• **Action item**
As you work through the listing below, copy each line exactly and drop the images.

________________________

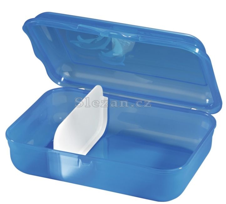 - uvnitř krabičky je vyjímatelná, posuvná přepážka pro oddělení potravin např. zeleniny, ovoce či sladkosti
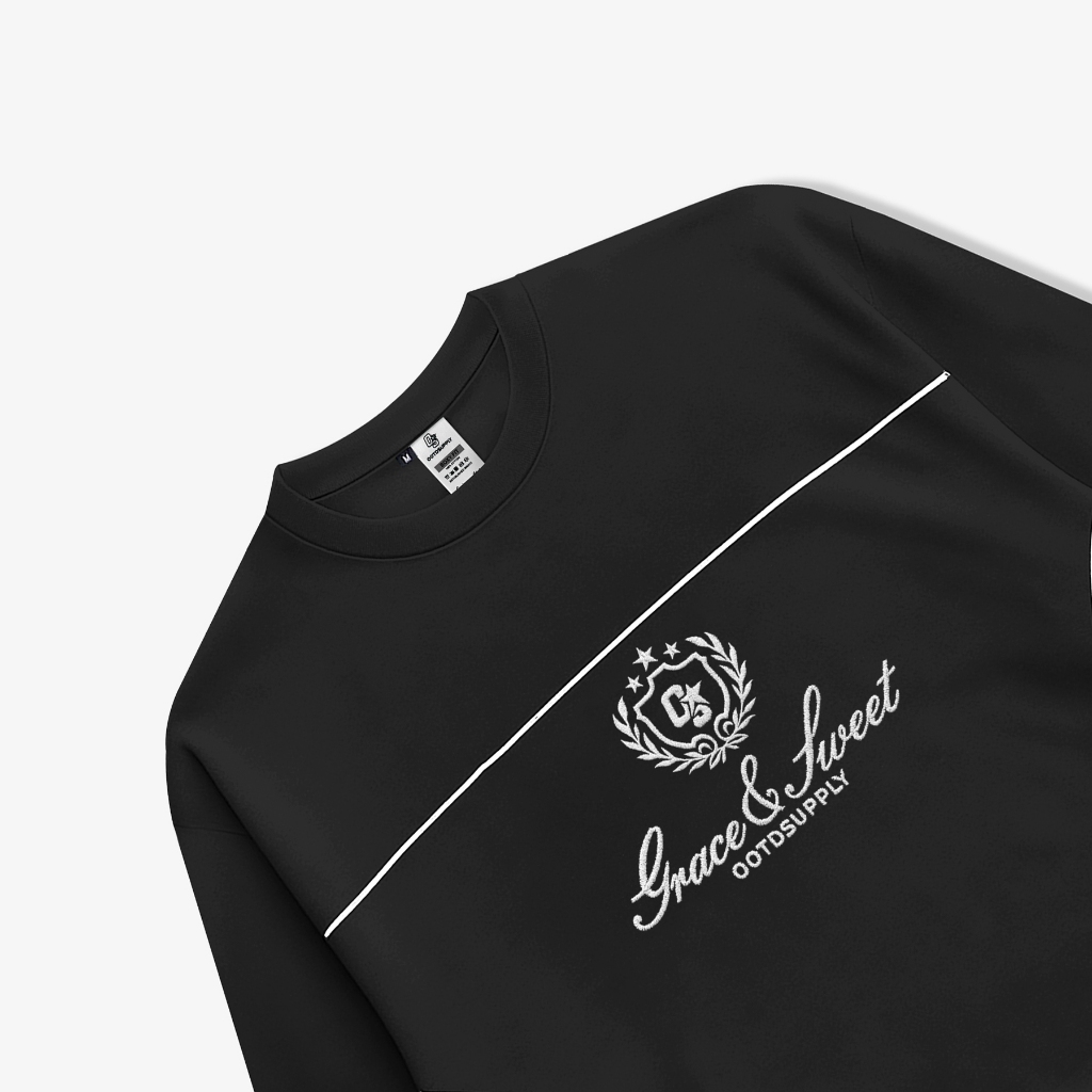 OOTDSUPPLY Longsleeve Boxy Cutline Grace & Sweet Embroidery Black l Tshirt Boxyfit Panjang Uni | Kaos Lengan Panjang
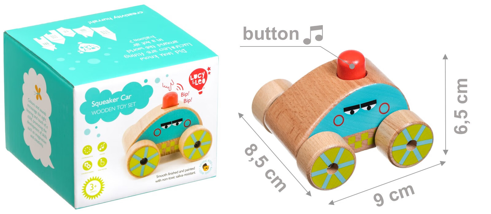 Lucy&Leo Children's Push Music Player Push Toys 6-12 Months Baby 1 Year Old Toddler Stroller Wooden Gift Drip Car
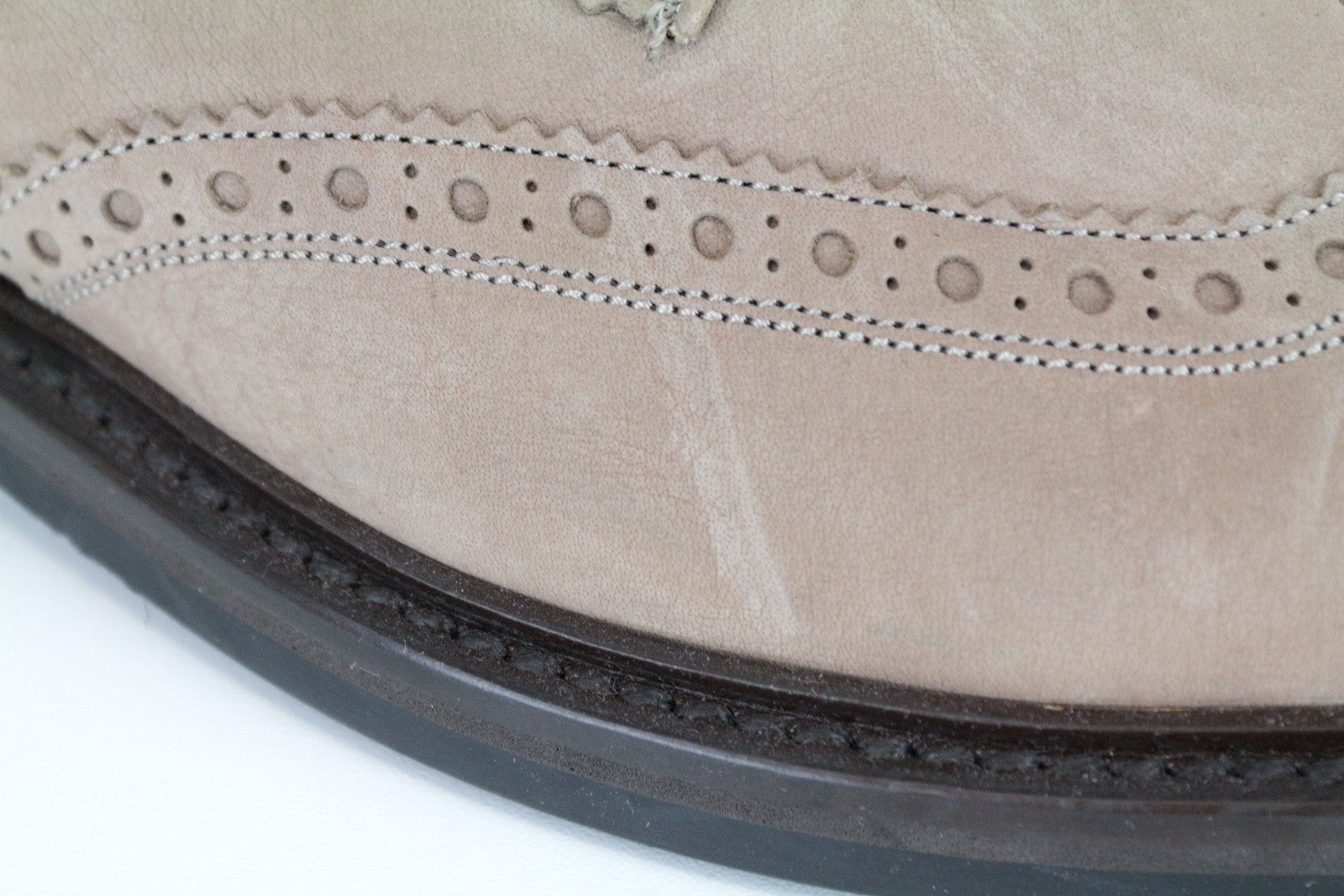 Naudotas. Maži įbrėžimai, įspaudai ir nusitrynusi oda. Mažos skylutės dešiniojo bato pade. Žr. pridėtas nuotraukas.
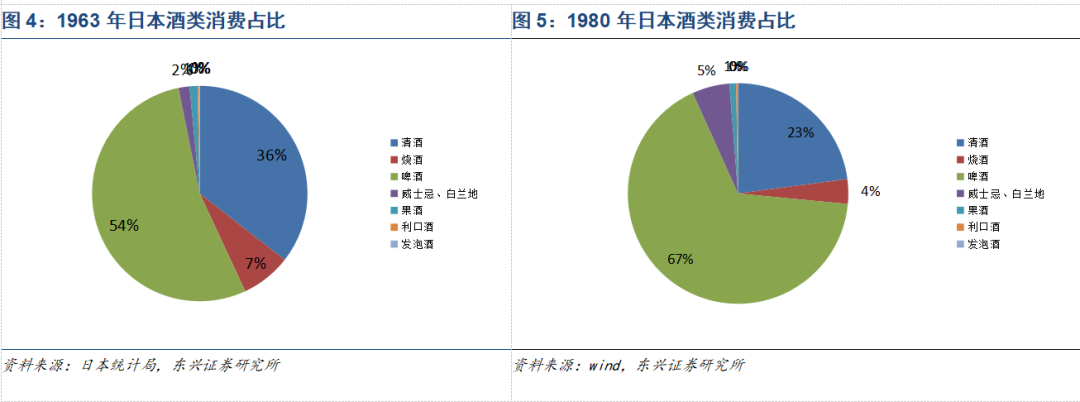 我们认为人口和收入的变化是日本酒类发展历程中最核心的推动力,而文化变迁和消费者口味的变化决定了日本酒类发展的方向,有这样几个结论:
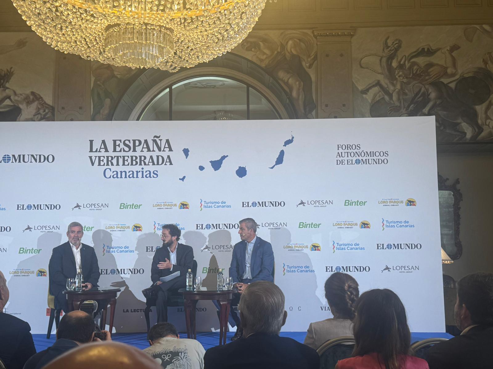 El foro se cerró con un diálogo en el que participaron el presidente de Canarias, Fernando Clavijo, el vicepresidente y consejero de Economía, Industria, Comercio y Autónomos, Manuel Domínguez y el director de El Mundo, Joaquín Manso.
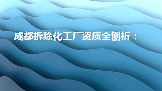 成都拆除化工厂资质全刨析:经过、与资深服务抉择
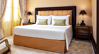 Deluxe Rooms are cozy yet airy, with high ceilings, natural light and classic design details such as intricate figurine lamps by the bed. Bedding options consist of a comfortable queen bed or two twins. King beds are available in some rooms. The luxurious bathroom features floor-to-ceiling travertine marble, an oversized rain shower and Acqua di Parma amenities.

________________________

• **Exercise output**
 - uvnitř krabičky je vyjímatelná, posuvná přepážka pro oddělení potravin např. zeleniny, ovoce či sladkosti
 OOTDSUPPLY Longsleeve Boxy Cutline Grace & Sweet Embroidery Black l Tshirt Boxyfit Panjang Uni | Kaos Lengan Panjang
 Lucy&Leo Children's Push Music Player Push Toys 6-12 Months Baby 1 Year Old Toddler Stroller Wooden Gift Drip Car
 Naudotas. Maži įbrėžimai, įspaudai ir nusitrynusi oda. Mažos skylutės dešiniojo bato pade. Žr. pridėtas nuotraukas.
 我们认为人口和收入的变化是日本酒类发展历程中最核心的推动力,而文化变迁和消费者口味的变化决定了日本酒类发展的方向,有这样几个结论:
 El foro se cerró con un diálogo en el que participaron el presidente de Canarias, Fernando Clavijo, el vicepresidente y consejero de Economía, Industria, Comercio y Autónomos, Manuel Domínguez y el director de El Mundo, Joaquín Manso.
 成都拆除化工厂资质全刨析:经过、与资深服务抉择
 Deluxe Rooms are cozy yet airy, with high ceilings, natural light and classic design details such as intricate figurine lamps by the bed. Bedding options consist of a comfortable queen bed or two twins. King beds are available in some rooms. The luxurious bathroom features floor-to-ceiling travertine marble, an oversized rain shower and Acqua di Parma amenities.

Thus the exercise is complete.